Stored data:
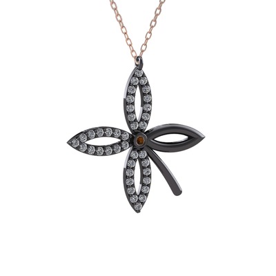 Dumanlı kuvars ve pırlanta 925 ayar siyah rodyum kaplama gümüş kolye (0.429 karat, 40 cm rose altın rolo zincir)
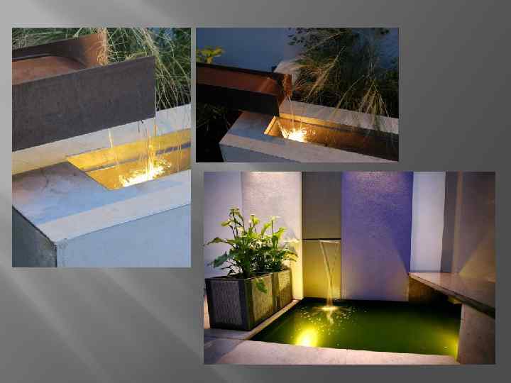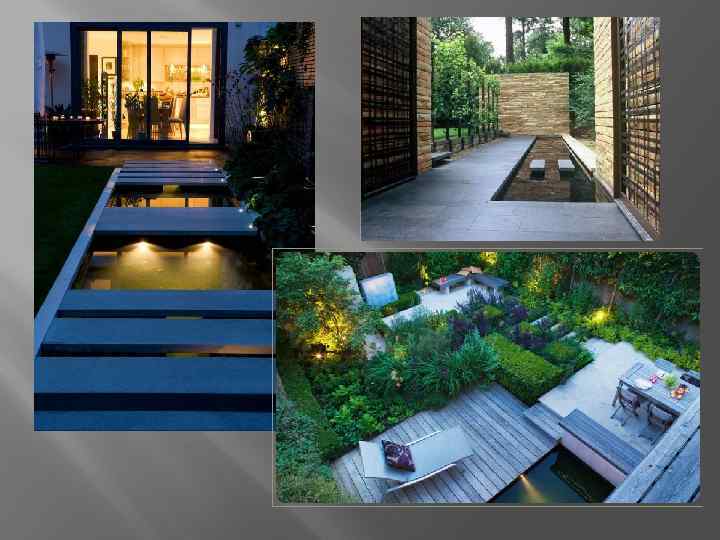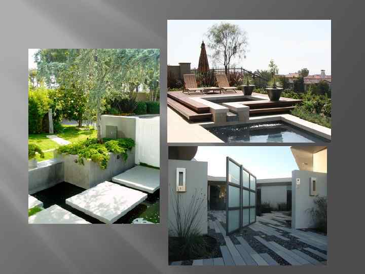 Основные черты Дизайн удобный для жизни, легкий в уходе и гармоничный внешне тандем современных динамичных форм, необычных конструкций и аксессуаров применение современных материалов: стекла, зеркала, металла и прочих композитных материалов, хорошо обработанное дерево, как правило, с выявлением его текстуры. ландшафтного освещения таких садов могут быть использованы новаторские идеи и самые невероятные светильники В планировке предпочтение отдается динамичным формам (садовые дорожки преимущественно прямые, но могут быть расположены зигзагообразно, по диагонали, либо же, закольцованы по правильной окружности) Для мощения используются довольно крупные плиты. Весьма эффектно смотрится сочетание дерева с металлом. Для этого стиля предпочтительны необычные искусственные водоемы, оформленные металлом и бетоном. Ограждения могут выполнятся из весьма нетрадиционных материалов – профнастила, сетки, труб и прочего Из малых архитектурных форм наиболее востребованными являются современные Для озеленения подбираются деревья и кустарники с интересной формой кроны и фактурой листвы. скульптуры и всевозможные металлические контейнеры для растений.
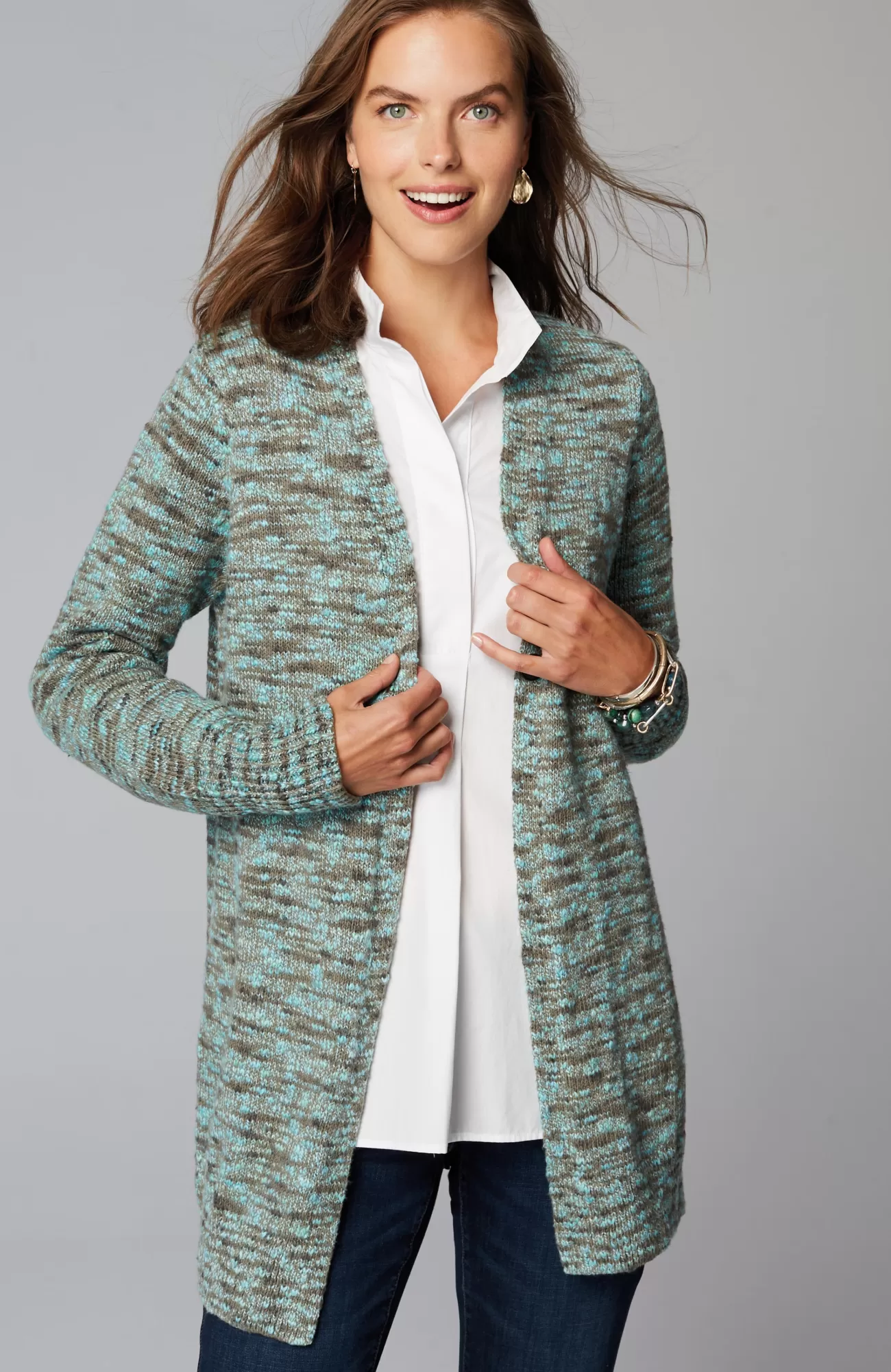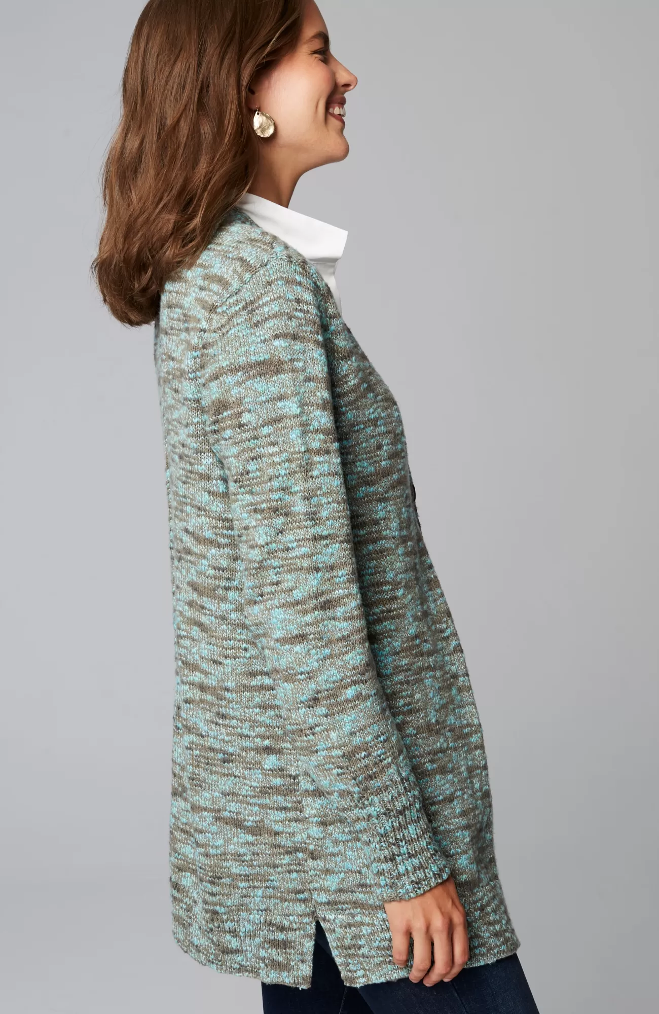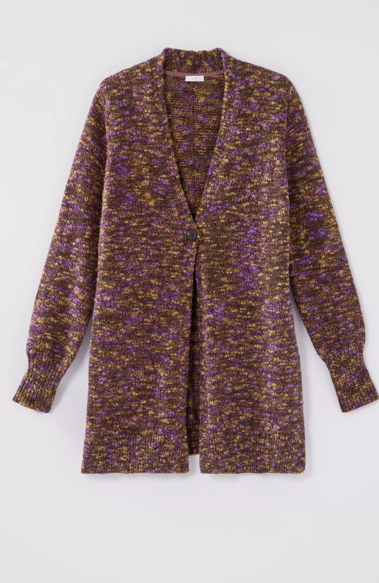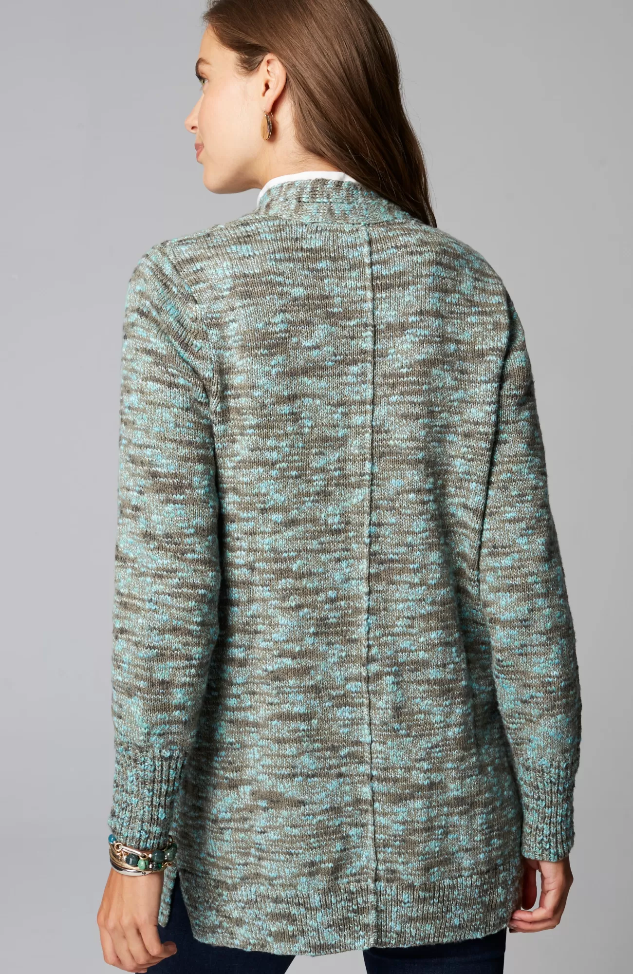 Knit from soft, multicolored yarns, this space-dyed sweater has a textured look and feel you’ll love. A center pintuck highlights the back. Single-button closure. Side vents. Elongated ribbing detail at the cuffs.

Required action: Return the data verbatim, leaving out the pictures it holds.

Response to the exercise:
 Dumanlı kuvars ve pırlanta 925 ayar siyah rodyum kaplama gümüş kolye (0.429 karat, 40 cm rose altın rolo zincir)
 Основные черты Дизайн удобный для жизни, легкий в уходе и гармоничный внешне тандем современных динамичных форм, необычных конструкций и аксессуаров применение современных материалов: стекла, зеркала, металла и прочих композитных материалов, хорошо обработанное дерево, как правило, с выявлением его текстуры. ландшафтного освещения таких садов могут быть использованы новаторские идеи и самые невероятные светильники В планировке предпочтение отдается динамичным формам (садовые дорожки преимущественно прямые, но могут быть расположены зигзагообразно, по диагонали, либо же, закольцованы по правильной окружности) Для мощения используются довольно крупные плиты. Весьма эффектно смотрится сочетание дерева с металлом. Для этого стиля предпочтительны необычные искусственные водоемы, оформленные металлом и бетоном. Ограждения могут выполнятся из весьма нетрадиционных материалов – профнастила, сетки, труб и прочего Из малых архитектурных форм наиболее востребованными являются современные Для озеленения подбираются деревья и кустарники с интересной формой кроны и фактурой листвы. скульптуры и всевозможные металлические контейнеры для растений.
 Knit from soft, multicolored yarns, this space-dyed sweater has a textured look and feel you’ll love. A center pintuck highlights the back. Single-button closure. Side vents. Elongated ribbing detail at the cuffs.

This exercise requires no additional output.